Teresa Morató

Personal information
- Full name: Teresa Morató Armengol
- Date of birth: 28 March 1998 (age 28)
- Place of birth: Andorra la Vella, Andorra
- Height: 1.62 m (5 ft 4 in)
- Positions: Midfielder; forward;

Team information
- Current team: Valencia

Senior career*
- Years: Team / Apps / (Gls)
- 2012–2016: ENFAF / 74 / (113)
- 2016–2020: Barcelona B
- 2020–2021: Rayo Vallecano / 28 / (4)
- 2021–2024: Villarreal / 53 / (5)
- 2024–2025: Alavés / 25 / (7)
- 2025: Valencia / 30 / (4)

International career
- 2016: Catalonia U–18
- 2015–: Andorra / 27 / (18)

= Teresa Morató =

Andorran footballer

Teresa "Tere" Morató Armengol (born 28 March 1998) is an Andorran professional footballer who plays as a forward for Spanish club Valencia and the Andorra women's national team.

==Club career==
===ENFAF===

Morató began her club career at ENFAF Crèdit Andorrà, the only Andorran women's club, which competes in Spain. In the 2015–16 season, she scored 61 goals in 24 matches, being by far the top scorer of the Catalan Women's First Division (Spanish fourth level). Despite her outstanding personal performance, the team finished 12th in the standings.

===Barcelona B===

Morató's impressive performances with ENFAF meant that FC Barcelona signed her for its reserve team in the summer of 2016.

===Rayo Vallecano===

In July 2020, Morató signed for Rayo Vallecano and became the first Andorran player to join the Spanish women's first division.

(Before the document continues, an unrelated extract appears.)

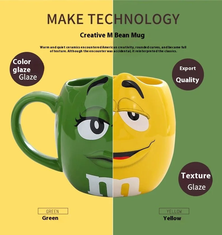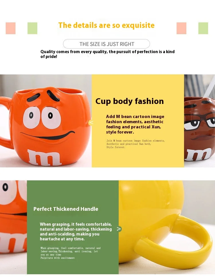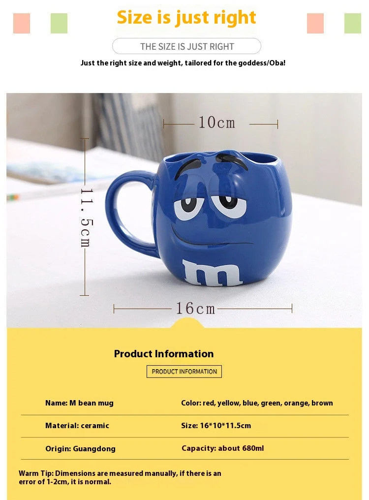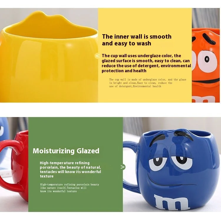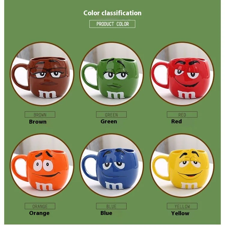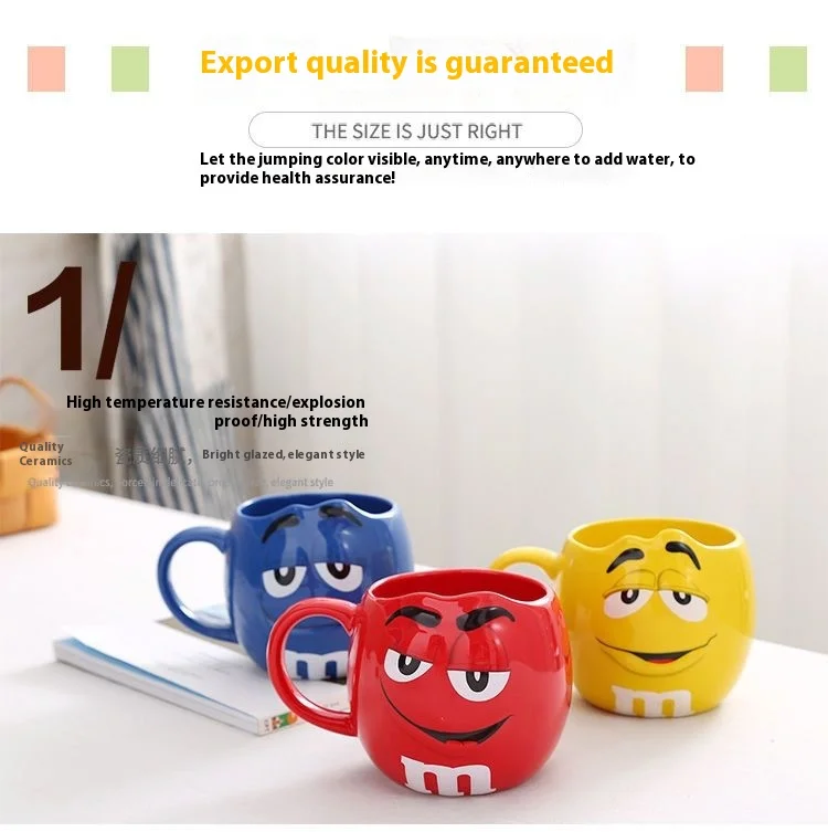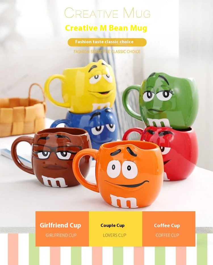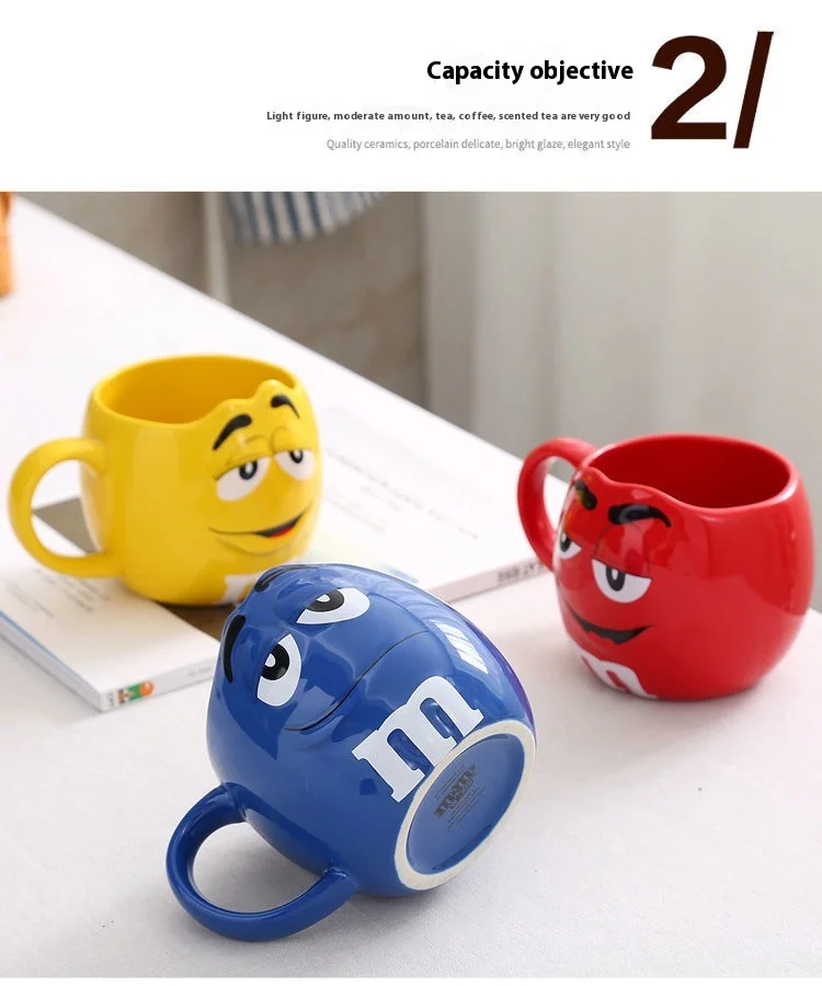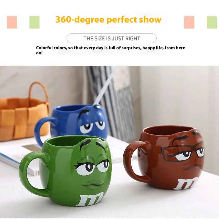 Hot New Chocolate M Beans Ceramics 680ml Mark Water Cup High-Capacity Family Set Table Supplies Funny Facial Expression Cup Gift
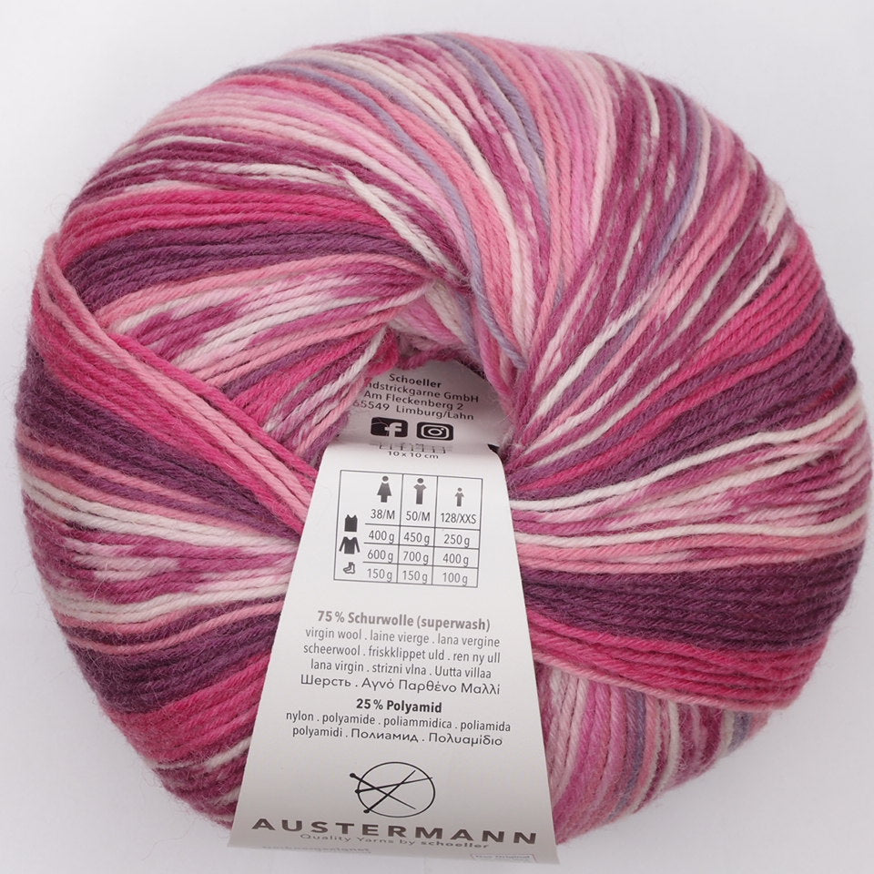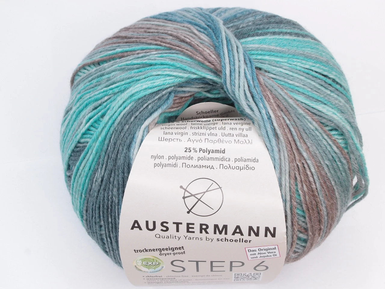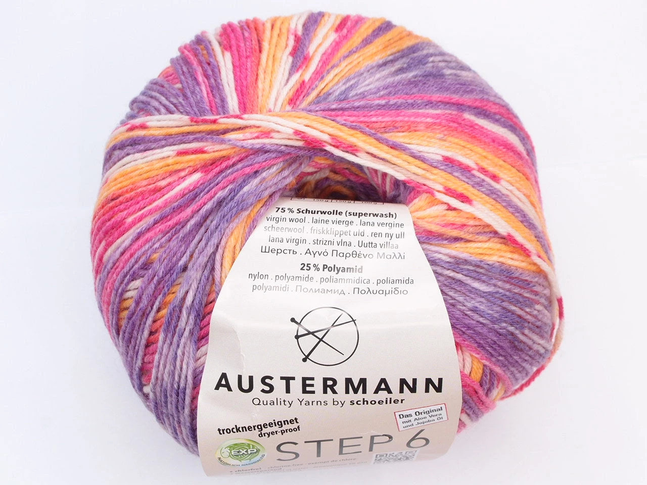 Austermann Step 6 kirjava sukkalanka on käsitelty aloe veralla ja jojoba-öljyllä. Käsittely tekee langasta silkkisen pehmeän ja äärimmäisen mukavan neuloa kuin itse käytössäkin. Käsittelyn vaikutus kestää jopa 40 pesukertaa. Austermann Step -langan tuotannossa käytetään ympäristöystävällistä EXP-menetelmää, jossa mm. klooria ei käytetä lainkaan. Austermann Step -lanka on myös konepesun ja rumpukuivauksen kestävä. Yksi kerä riittää sukkapariin kokoon 46 asti. M-kokoiseen naisten paitaan tarvitaan noin 450 g (kolme kerää).

She made her league debut against Real Madrid on 18 October 2020. Morató scored her first league goal against Athletic Club on 7 March 2021, scoring in the 60th minute.

===Villarreal===

On 5 July 2021, Morató was announced at Villarreal. She made her league debut against Sporting de Huelva on 5 September 2021. Morató scored her first league goal against Real Betis on 22 December 2021, scoring in the 84th minute.

==International career==

In 2016, she was called up to the Catalonia U18s.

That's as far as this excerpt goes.